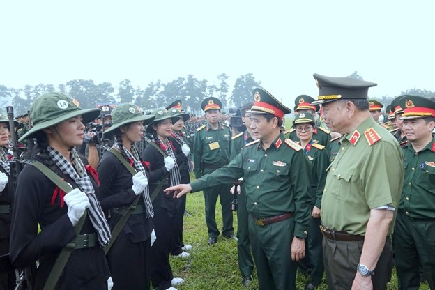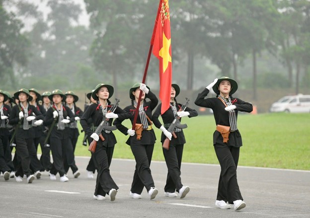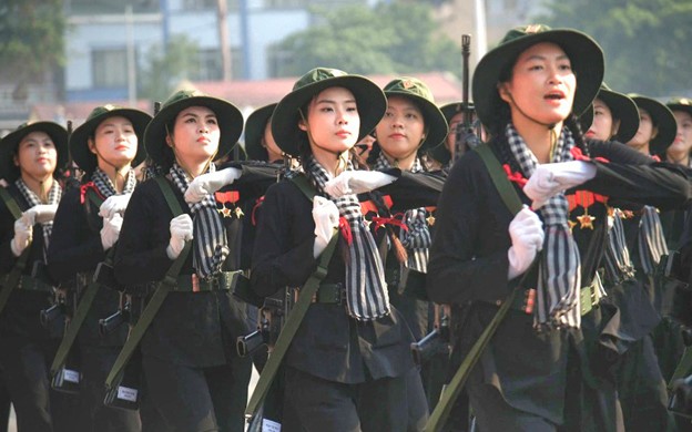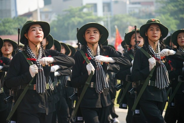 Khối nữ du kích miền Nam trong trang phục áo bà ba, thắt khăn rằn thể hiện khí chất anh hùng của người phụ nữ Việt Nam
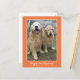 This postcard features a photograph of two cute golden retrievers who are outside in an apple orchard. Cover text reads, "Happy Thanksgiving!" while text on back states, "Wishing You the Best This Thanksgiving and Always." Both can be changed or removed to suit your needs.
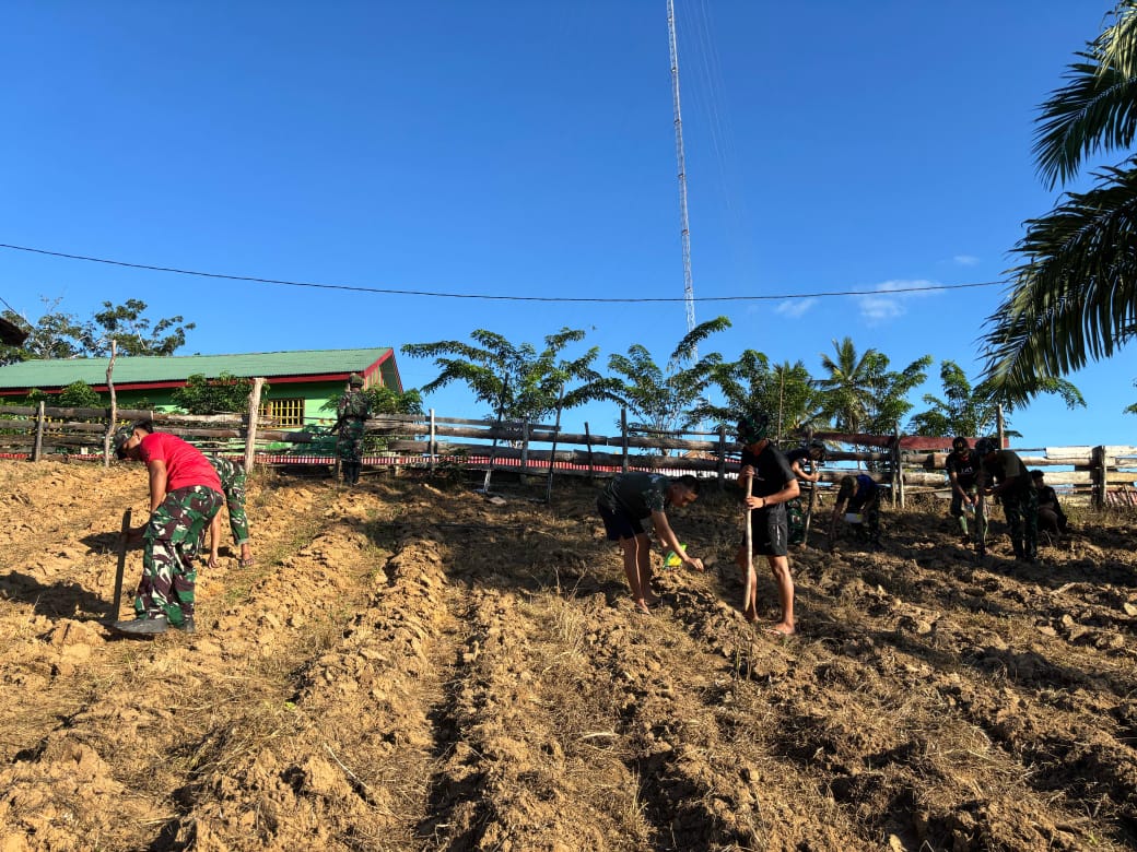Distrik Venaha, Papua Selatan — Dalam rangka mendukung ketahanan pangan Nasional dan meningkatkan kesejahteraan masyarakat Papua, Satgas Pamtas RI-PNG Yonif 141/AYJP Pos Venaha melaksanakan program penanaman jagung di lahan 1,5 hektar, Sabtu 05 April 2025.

::::::

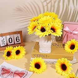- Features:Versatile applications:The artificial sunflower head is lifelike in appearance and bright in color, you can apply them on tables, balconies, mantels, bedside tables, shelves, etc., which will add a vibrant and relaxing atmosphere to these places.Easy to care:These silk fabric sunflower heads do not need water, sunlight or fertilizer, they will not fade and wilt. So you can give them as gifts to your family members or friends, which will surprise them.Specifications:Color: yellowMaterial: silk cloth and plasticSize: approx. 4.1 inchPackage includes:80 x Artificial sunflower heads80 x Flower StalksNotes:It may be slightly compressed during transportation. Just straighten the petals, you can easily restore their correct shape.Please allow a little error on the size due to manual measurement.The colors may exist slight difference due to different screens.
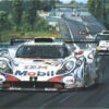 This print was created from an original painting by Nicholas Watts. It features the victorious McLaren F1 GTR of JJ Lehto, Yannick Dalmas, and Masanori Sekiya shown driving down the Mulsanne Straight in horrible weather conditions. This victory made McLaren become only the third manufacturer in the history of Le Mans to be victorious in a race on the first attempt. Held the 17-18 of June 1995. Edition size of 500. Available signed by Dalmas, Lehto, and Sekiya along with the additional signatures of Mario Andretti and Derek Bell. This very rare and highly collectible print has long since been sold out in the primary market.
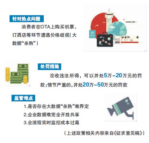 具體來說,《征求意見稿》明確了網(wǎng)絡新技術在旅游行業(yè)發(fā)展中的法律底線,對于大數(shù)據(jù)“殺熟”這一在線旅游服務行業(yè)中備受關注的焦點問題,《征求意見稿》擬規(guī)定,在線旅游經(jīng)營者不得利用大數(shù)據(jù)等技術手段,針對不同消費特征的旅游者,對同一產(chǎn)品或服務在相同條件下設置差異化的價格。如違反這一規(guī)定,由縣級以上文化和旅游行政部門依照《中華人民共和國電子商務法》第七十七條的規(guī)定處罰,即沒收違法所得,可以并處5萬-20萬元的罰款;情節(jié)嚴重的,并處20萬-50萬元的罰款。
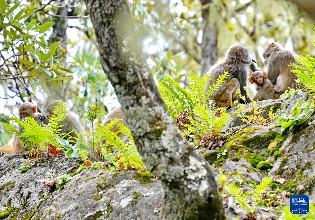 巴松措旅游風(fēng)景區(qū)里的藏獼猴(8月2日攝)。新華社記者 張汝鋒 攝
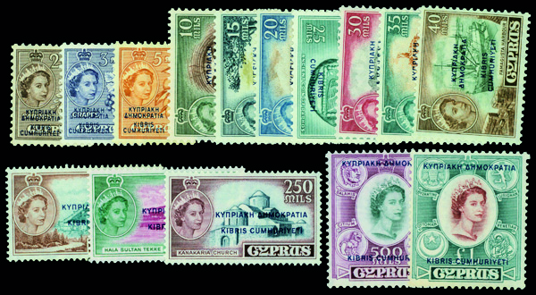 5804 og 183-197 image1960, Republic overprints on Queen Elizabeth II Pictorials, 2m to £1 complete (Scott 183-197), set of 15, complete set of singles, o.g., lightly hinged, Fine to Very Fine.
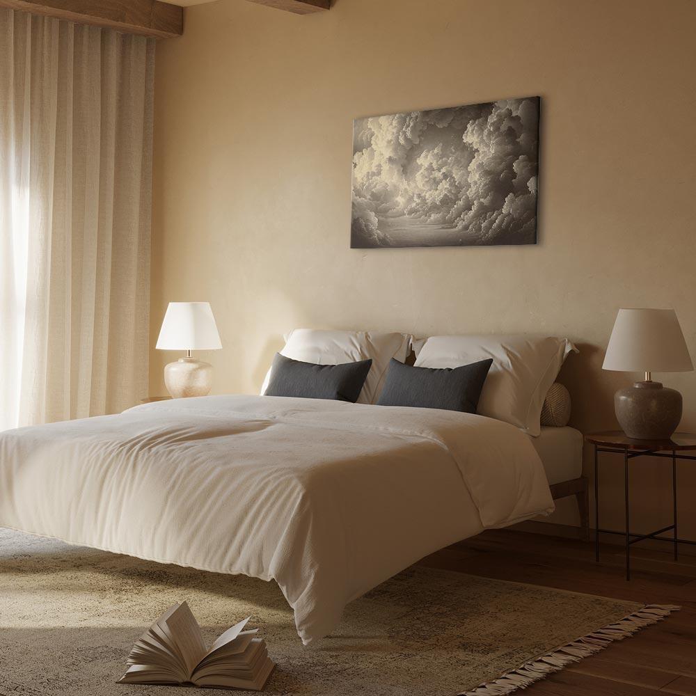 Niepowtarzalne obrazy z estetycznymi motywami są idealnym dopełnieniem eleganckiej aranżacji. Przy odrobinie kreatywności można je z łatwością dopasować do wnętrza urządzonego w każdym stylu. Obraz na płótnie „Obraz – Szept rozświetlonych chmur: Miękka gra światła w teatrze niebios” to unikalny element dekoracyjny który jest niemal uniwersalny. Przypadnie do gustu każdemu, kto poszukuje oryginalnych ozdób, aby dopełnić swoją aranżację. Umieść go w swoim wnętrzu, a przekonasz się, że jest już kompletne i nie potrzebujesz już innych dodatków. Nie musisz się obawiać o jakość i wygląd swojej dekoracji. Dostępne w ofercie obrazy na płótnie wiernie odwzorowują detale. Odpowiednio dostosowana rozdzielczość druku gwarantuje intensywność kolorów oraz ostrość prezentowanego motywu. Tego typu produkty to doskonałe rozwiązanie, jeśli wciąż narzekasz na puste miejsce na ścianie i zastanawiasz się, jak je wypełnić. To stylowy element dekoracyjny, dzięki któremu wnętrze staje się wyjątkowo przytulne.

::::::

» **Your assignment**
Would you output the lines above from the line holding "Khối nữ du kích" up to and including the line holding "Distrik Venaha, Papua", exactly and only those, with no pictures?

» **Answer section**
 Khối nữ du kích miền Nam trong trang phục áo bà ba, thắt khăn rằn thể hiện khí chất anh hùng của người phụ nữ Việt Nam
 This postcard features a photograph of two cute golden retrievers who are outside in an apple orchard. Cover text reads, "Happy Thanksgiving!" while text on back states, "Wishing You the Best This Thanksgiving and Always." Both can be changed or removed to suit your needs.
Distrik Venaha, Papua Selatan — Dalam rangka mendukung ketahanan pangan Nasional dan meningkatkan kesejahteraan masyarakat Papua, Satgas Pamtas RI-PNG Yonif 141/AYJP Pos Venaha melaksanakan program penanaman jagung di lahan 1,5 hektar, Sabtu 05 April 2025.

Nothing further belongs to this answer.